[SUPPLIED INFORMATION — start]

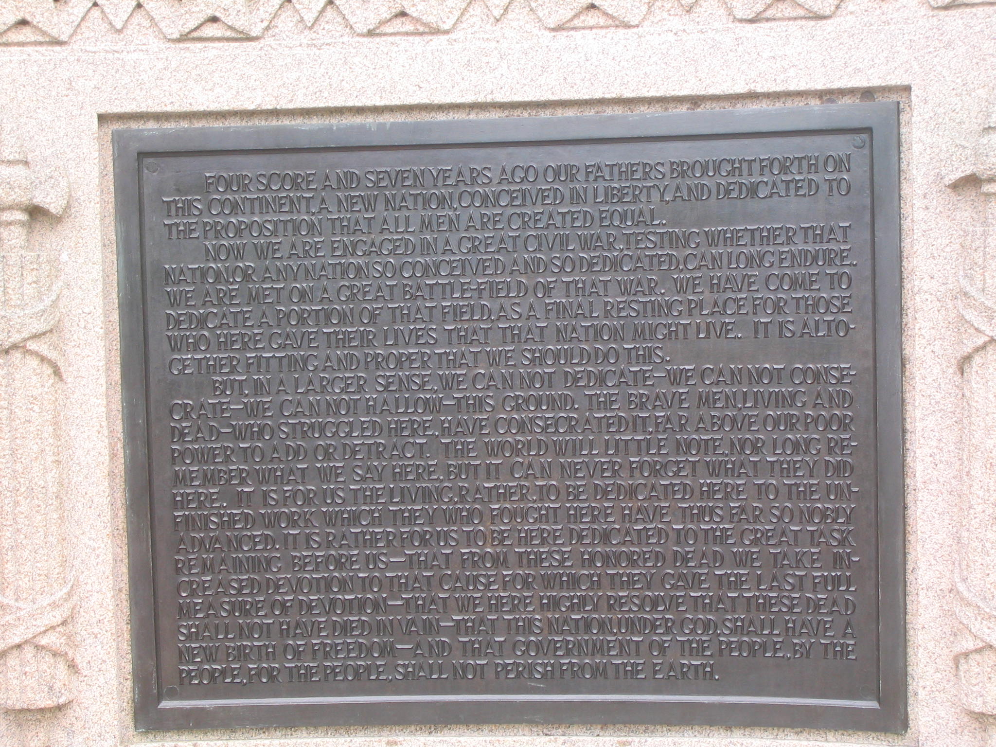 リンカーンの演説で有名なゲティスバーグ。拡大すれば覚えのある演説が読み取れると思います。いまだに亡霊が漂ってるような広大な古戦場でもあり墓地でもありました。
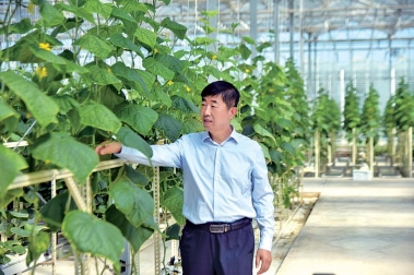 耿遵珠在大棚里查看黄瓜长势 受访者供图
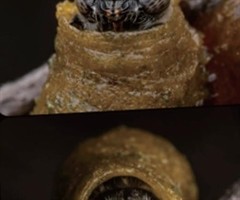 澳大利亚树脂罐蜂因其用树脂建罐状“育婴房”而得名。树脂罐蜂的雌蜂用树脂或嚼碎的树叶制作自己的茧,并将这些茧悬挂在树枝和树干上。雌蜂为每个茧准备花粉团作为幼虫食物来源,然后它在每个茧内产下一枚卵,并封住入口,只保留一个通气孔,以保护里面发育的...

[SUPPLIED INFORMATION — finish]

Write out an exact copy of the lines beginning at the line that contains "耿遵珠在大棚里查看黄瓜长势 受访者供图" and ending at the last line of the listing. Exclude pictures.

 耿遵珠在大棚里查看黄瓜长势 受访者供图
 澳大利亚树脂罐蜂因其用树脂建罐状“育婴房”而得名。树脂罐蜂的雌蜂用树脂或嚼碎的树叶制作自己的茧,并将这些茧悬挂在树枝和树干上。雌蜂为每个茧准备花粉团作为幼虫食物来源,然后它在每个茧内产下一枚卵,并封住入口,只保留一个通气孔,以保护里面发育的...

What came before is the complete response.